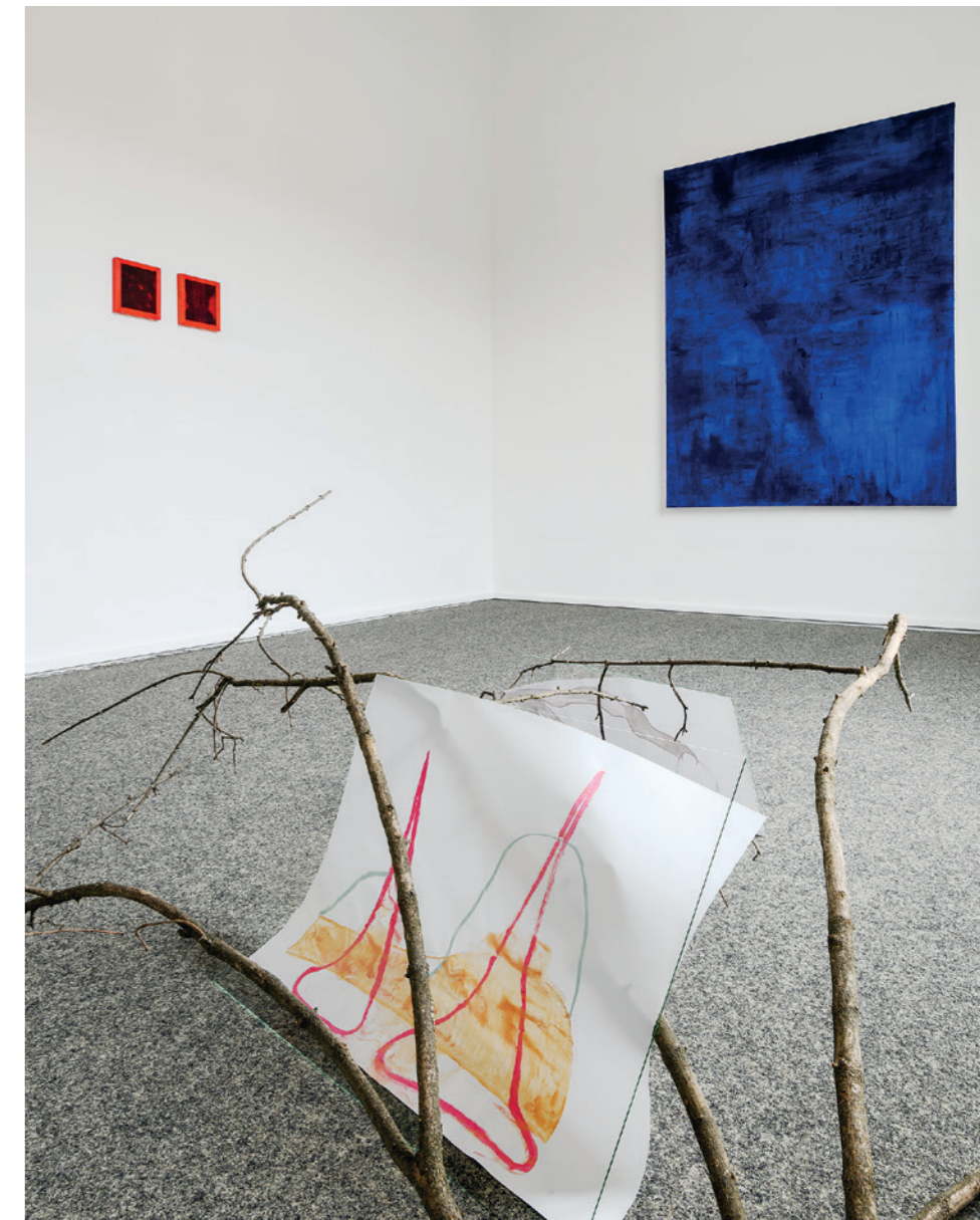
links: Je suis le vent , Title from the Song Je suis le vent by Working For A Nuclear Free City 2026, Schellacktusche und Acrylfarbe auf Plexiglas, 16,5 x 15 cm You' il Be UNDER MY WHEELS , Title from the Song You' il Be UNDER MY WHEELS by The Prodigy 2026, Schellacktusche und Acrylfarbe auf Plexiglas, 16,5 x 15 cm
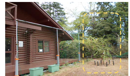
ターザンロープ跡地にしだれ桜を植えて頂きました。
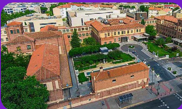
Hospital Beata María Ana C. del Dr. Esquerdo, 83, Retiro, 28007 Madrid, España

EXERCISE DESCRIPTION - Your task is to retype the listing exactly, without its pictures.

TASK RESPONSE -
links: Je suis le vent , Title from the Song Je suis le vent by Working For A Nuclear Free City 2026, Schellacktusche und Acrylfarbe auf Plexiglas, 16,5 x 15 cm You' il Be UNDER MY WHEELS , Title from the Song You' il Be UNDER MY WHEELS by The Prodigy 2026, Schellacktusche und Acrylfarbe auf Plexiglas, 16,5 x 15 cm
ターザンロープ跡地にしだれ桜を植えて頂きました。
Hospital Beata María Ana C. del Dr. Esquerdo, 83, Retiro, 28007 Madrid, España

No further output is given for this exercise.